所有 Prometheus 服务均可在 Quay.io 或 Docker Hub 上以 Docker 镜像的形式获取。

在 Docker 上运行 Prometheus 非常简单 docker run -p 9090:9090 prom/prometheus 。这将使用示例配置启动 Prometheus，并将其暴露在 9090 端口上。

Prometheus 数据存储在/prometheus容器内部的目录中，因此每次容器重启时数据都会被清除。要保存数据，您需要为容器设置持久存储（或绑定挂载）。

运行带有持久存储的 Prometheus 容器：

docker run -d \
    --name prometheus \
    -p 9090:9090 \
    -v /path/to/config:/etc/prometheus \
    -v /path/to/data:/prometheus \
    prom/prometheus \
    --config.file=/etc/prometheus/prometheus.yml \
    --web.enable-lifecycle

tip: 这里的/path/to/config 为配置目录，/path/to/data是数据目录

配置文件说明 prometheus.yml

global:
  scrape_interval:     15s # By default, scrape targets every 15 seconds.

  # Attach these labels to any time series or alerts when communicating with
  # external systems (federation, remote storage, Alertmanager).
  external_labels:
    monitor: 'codelab-monitor'

# A scrape configuration containing exactly one endpoint to scrape:
# Here it's Prometheus itself.
scrape_configs:
  # The job name is added as a label `job=<job_name>` to any timeseries scraped from this config.
  - job_name: 'prometheus'

    # Override the global default and scrape targets from this job every 5 seconds.
    scrape_interval: 5s

    static_configs:
      - targets: ['localhost:9090']

  - job_name: 'node_exporter'
    file_sd_configs:
      - files:
        - 'targets/*.json'  # 或者 *.yaml
        refresh_interval: 1m # 多久检查一次文件变化

prometheus为默认采集 target , 采集其他数据已经有许多封装好的 exporter , 这里我们选择基础采集的 node exporter来测试

新增一个job_name为 node_exporter，动态采集配置targets目录下的所有json文件

后续新增主机，只需要在该目录下的json文件中添加对应的信息即可自动上报

[
  {
    "targets": ["172.17.0.180:9100"],
    "labels": {
      "env": "prod",
      "service": "docker"
    }
  },
  {
    "targets": ["172.17.0.172:9100"],
    "labels": {
      "env": "dev"
    }
  }
]

Alertmanager

Alertmanager 支持多种接收器，例如 email、webhook等，用于在警报触发时发出通知。
启动一个 alertmanager 容器来进行尝试。

docker run -d \
    --name alertmanager \
    -p 9093:9093 \
    -v /path/to/alertmanager:/etc/alertmanager \
    quay.io/prometheus/alertmanager

现在可以通过http://localhost:9093/访问 Alertmanager 。

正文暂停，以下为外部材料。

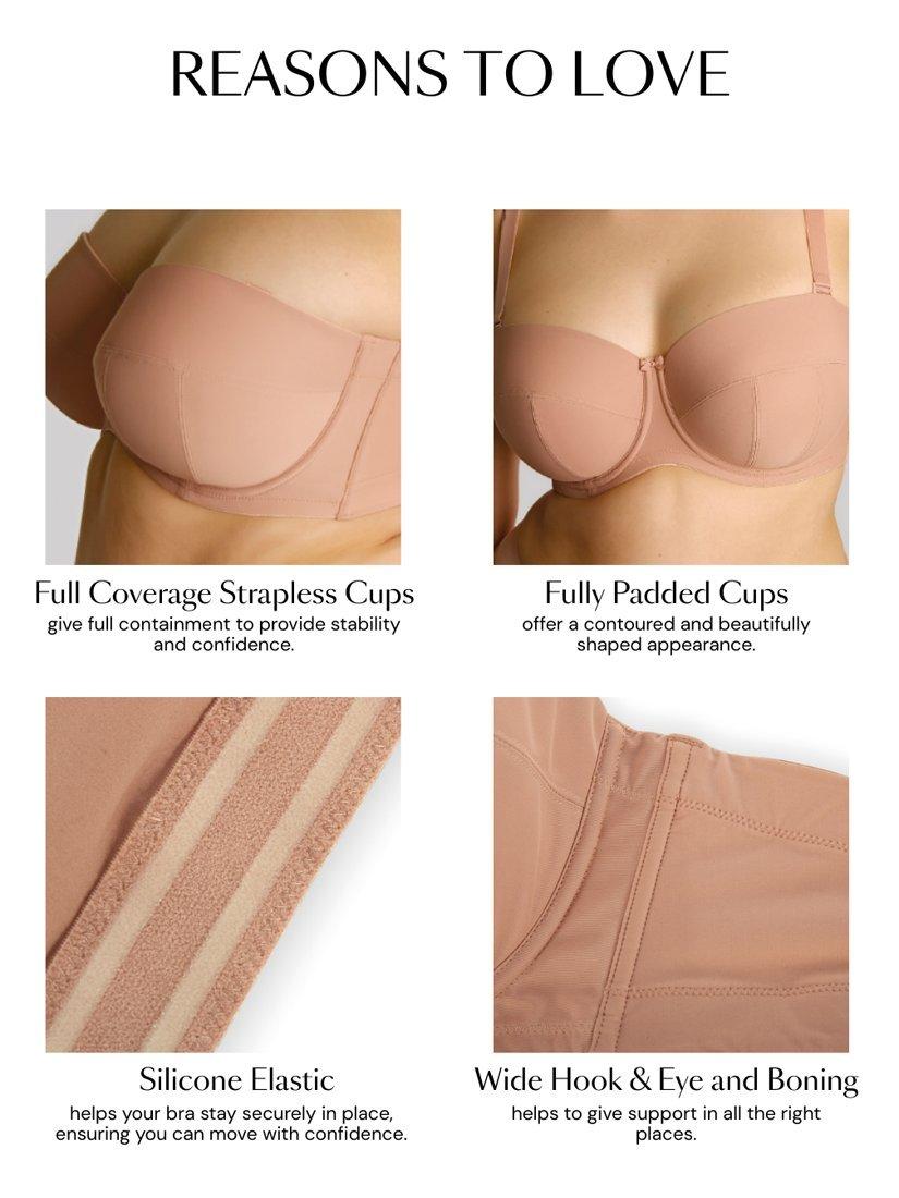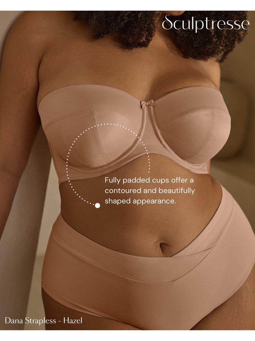The classic Sculptresse Strapless style from Panache uses a semi-sheer fabric with a padded cut and sewn inner cups for that ultimate stay-put feeling.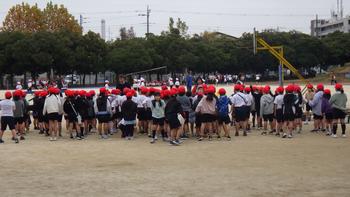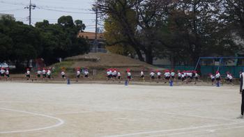 前の学年が走っているときに準備体操をしたり、応援をしたりしています。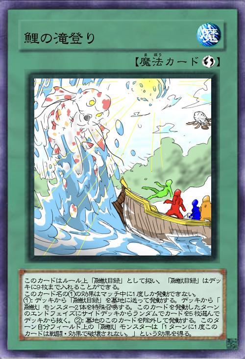| このカードはルール上「融獣目録」として扱い、「融獣目録」はデッキに9枚まで入れることができる。 このカード名の①の効果はマッチ中に1度しか発動できない。 ①:デッキから「融獣目録」を墓地に送って発動する。デッキから「融獣」モンスター2体を特殊召喚する。このカードを発動したターンのエンドフェイズにサイドデッキからランダムでカードを5枚選んでデッキから抜く。②:墓地のこのカードを除外して発動する。このターン自分フィールド上の「融獣」モンスターは「1ターンに1度このカードは戦闘・効果で破壊されない。」という効果を得る。 | |||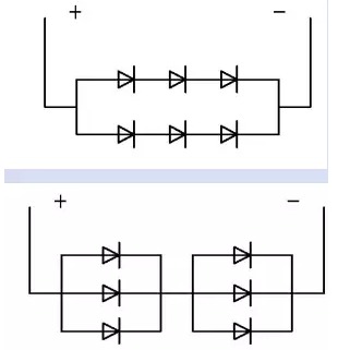 串并混聯(lián)方式 在需要使用比較多LED的產(chǎn)品中,如果將所有LED串聯(lián),將需要LED驅(qū)動(dòng)器輸出較高的電壓。如果將所有LED并聯(lián),則需要LED驅(qū)動(dòng)器輸出較大的電流。 將所有LED串聯(lián)或并聯(lián),不但限制著LED的使用量,而且并聯(lián)LED負(fù)載電流較大,驅(qū)動(dòng)器的成本也會(huì)大增。解決辦法是采用混聯(lián)方式。串并聯(lián)的LED數(shù)量平均分配,分配在一串LED上的電壓相同,通過(guò)同一串每顆LED上的電流也基本相同,LED亮度一致。同時(shí)通過(guò)每串LED的電流也相近。 當(dāng)某一串聯(lián)LED上有一顆品質(zhì)不良短路時(shí),不管采用恒壓式驅(qū)動(dòng)還是恒流式驅(qū)動(dòng),這串LED相當(dāng)于少了一顆LED,通過(guò)這串LED的電流將大增,很容易就會(huì) 損壞這串LED。大電流通過(guò)損壞的這串LED后,由于通過(guò)的電流較大,多表現(xiàn)為斷路。斷開(kāi)一串LED后,如果采用恒壓式驅(qū)動(dòng),驅(qū)動(dòng)器輸出電流將減小,而不 影響余下所有LED正常工作。如果是采用恒流式LED驅(qū)動(dòng),由于驅(qū)動(dòng)器輸出電流保持不變,分配在余下LED電流將增大,導(dǎo)致容易損壞所有LED。解決辦法是盡量多并聯(lián)LED,當(dāng)斷開(kāi)某一顆LED時(shí),分配在余下LED電流不大,不至于影響余下LED正常工作。 混聯(lián)方式還有另一種接法,即是將LED平均分配后,分組并聯(lián),再將每組串聯(lián)一起。 當(dāng)有一顆LED品質(zhì)不良短路時(shí),不管采用恒壓式驅(qū)動(dòng)還是恒流式驅(qū)動(dòng),并聯(lián)在這一路的LED將全部不亮,如果是采用恒流式LED驅(qū)動(dòng),由于驅(qū)動(dòng)器輸出電流保持不變,除了并聯(lián)在短路LED的這一并聯(lián)支路外,其余的LED正常工作。假設(shè)并聯(lián)的LED數(shù)量較多,驅(qū)動(dòng)器的驅(qū)動(dòng)電流較大,通過(guò)這顆短路的LED電流將增大,大電流通過(guò)這顆短路的LED后,很容易就變成斷路。由于并聯(lián)的LED較多,斷開(kāi)一顆LED的這一并聯(lián)支路,平均分配電流不大,依然可以正常工作,哪么 整個(gè)LED燈,僅有一顆LED不亮。 如果采用恒壓式驅(qū)動(dòng),LED品質(zhì)不良短路瞬間,負(fù)載相當(dāng)少并聯(lián)一路LED,加在其余LED上的電壓增高,驅(qū)動(dòng)器輸出電流將大增,極有可能立刻損壞所有 LED,幸運(yùn)的話,只將這顆短路的LED燒成斷路,驅(qū)動(dòng)器輸出電流將恢復(fù)正常,由于并聯(lián)的LED較多,斷開(kāi)一顆LED的這一并聯(lián)支路,平均分配電流不大, 依然可以正常工作,哪么整個(gè)LED燈,也僅有一顆LED不亮. 通過(guò)對(duì)以上分析可知,驅(qū)動(dòng)器與負(fù)載LED串并聯(lián)方式搭配選擇是非常重要的,恒流式驅(qū)動(dòng)功率型LED是不適合采用并聯(lián)負(fù)載的,同樣的,恒壓式LED驅(qū)動(dòng)器不適合選用串聯(lián)負(fù)載。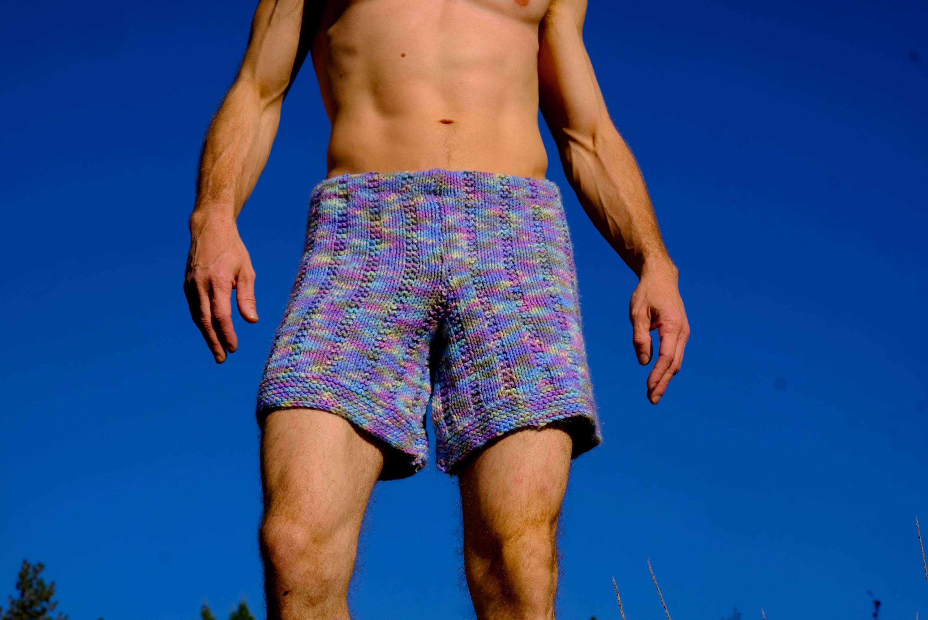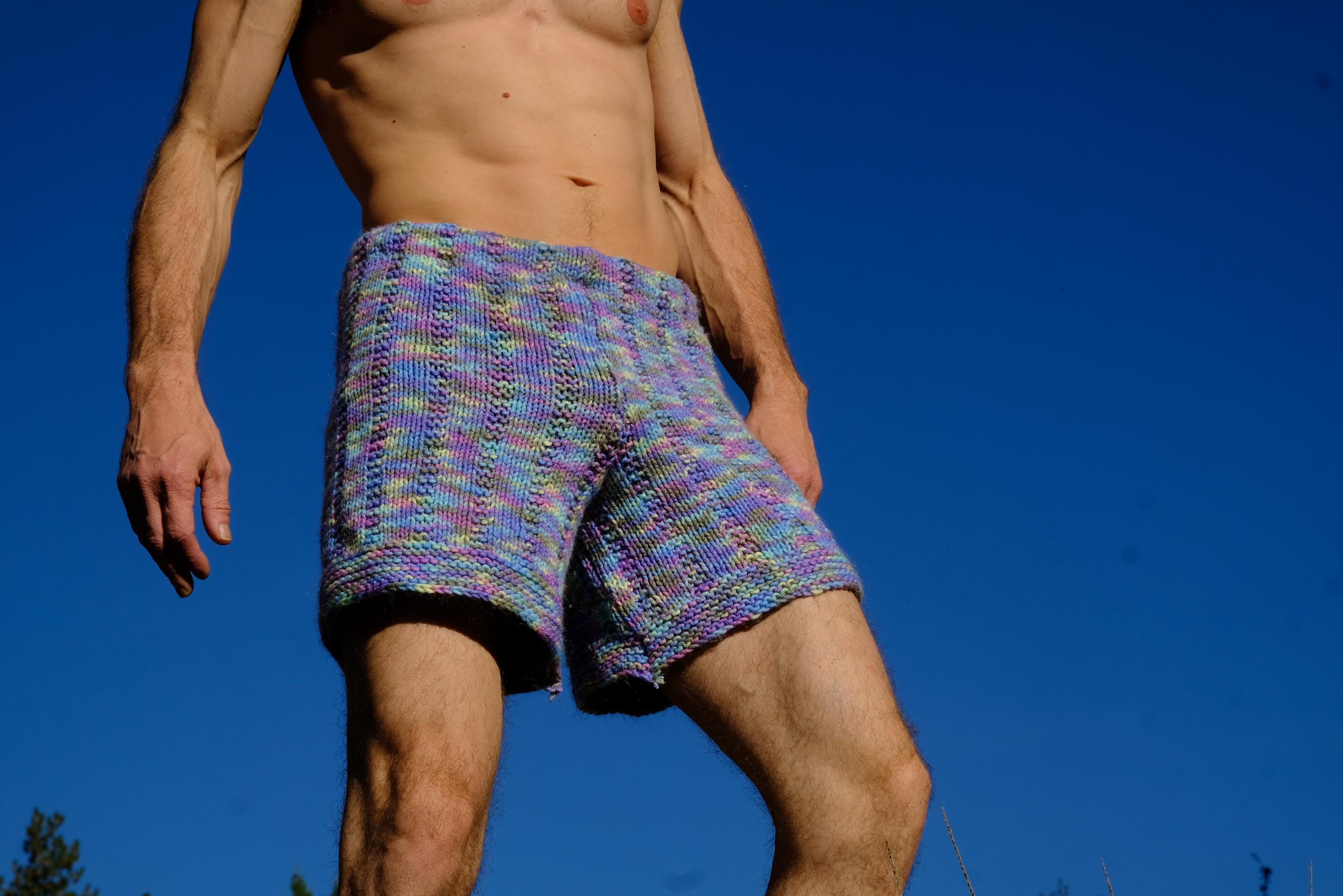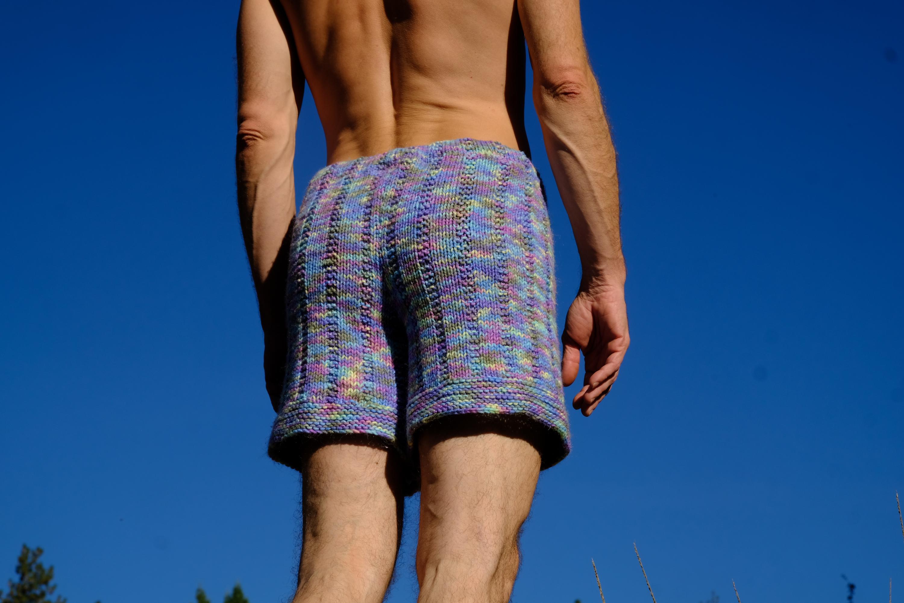 These are knit shorts in variegated shades of purple and turquoise. Repurposed from a vintage afghan blanket knitted in 100% acrylic yarn.

tip: /path/to/alertmanager 为配置持久化目录

配置文件说明 alertmanager.yml

global:
  resolve_timeout: 5m
  smtp_from: 'xxx@163.com' # 发件人
  smtp_smarthost: 'smtp.163.com:465' # 邮箱服务器的 POP3/SMTP 主机配置 smtp.qq.com 端口为 465 或 587
  smtp_auth_username: 'xxx@163.com' # 用户名
  smtp_auth_password: <secret> # 授权码
  smtp_require_tls: false
  smtp_hello: '163.com'

templates:
  - '/etc/alertmanager/templates/*.tmpl'

route:
  group_by: ['alertname'] # 告警分组
  group_wait: 5s # 在组内等待所配置的时间，如果同组内，5 秒内出现相同报警，在一个组内出现。
  group_interval: 5m # 如果组内内容不变化，合并为一条警报信息，5 分钟后发送。
  repeat_interval: 5m # 发送告警间隔时间 s/m/h，如果指定时间内没有修复，则重新发送告警
  receiver: 'email' # 优先使用 wechat 发送
  routes: #子路由，使用 email 发送
  - receiver: email
    match_re:
      serverity: email

receivers:
- name: 'email'
  email_configs:
  - to: 'xxx@qq.com' # 如果想发送多个人就以 ',' 做分割
    send_resolved: true
    html: '{{ template "email.html" . }}'   #使用自定义的模板发送
- name: 'wechat'
  wechat_configs:
  - corp_id: 'xxxxxxxxxxxxx' #企业 ID
    api_url: 'https://qyapi.weixin.qq.com/cgi-bin/' # 企业微信 api 接口 统一定义
    to_party: '2'  # 通知组 ID
    agent_id: '1000002' # 新建应用的 agent_id
    api_secret: 'xxxxxxxxxxxxxx' # 生成的 secret
    send_resolved: true

各种接收器收到的文本信息格式可以通过template模板来定义，我们在alertmanager配置目录下新建一个templates/email.tmpl

{{ define "email.html" }}
{{ range $i, $alert :=.Alerts }}
========监控报警==========<br>
告警状态：{{   .Status }}<br>
告警级别：{{ $alert.Labels.severity }}<br>
告警类型：{{ $alert.Labels.alertname }}<br>
告警应用：{{ $alert.Annotations.summary }}<br>
告警主机：{{ $alert.Labels.instance }}<br>
告警详情：{{ $alert.Annotations.description }}<br>
触发阀值：{{ $alert.Annotations.value }}<br>
告警时间：{{ $alert.StartsAt.Format "2006-01-02 15:04:05" }}<br>
========end=============<br>
{{ end }}
{{ end }}

至此，alertmanager相关配置已完成，回到prometheus进行修改

prometheus.yml新增rule规则和alertmanager target

...
rule_files:
  - 'rules/*.yml'

alerting:
  alertmanagers:
  - static_configs:
    - targets:
       - 172.17.0.180:6800
...

在prometheus配置目录新增rule规则，新增文件rules/disk.yml

groups:
- name: disk_alerts
  rules:
  - alert: HighDiskUsage
    expr: (node_filesystem_size_bytes{fstype!=""} - node_filesystem_free_bytes{fstype!=""}) / node_filesystem_size_bytes{fstype!=""} * 100 > 80
    for: 1m
    labels:
      severity: critical
    annotations:
      summary: "High Disk Usage detected"
      description: "Filesystem usage is above 80% on {{ $labels.instance }}."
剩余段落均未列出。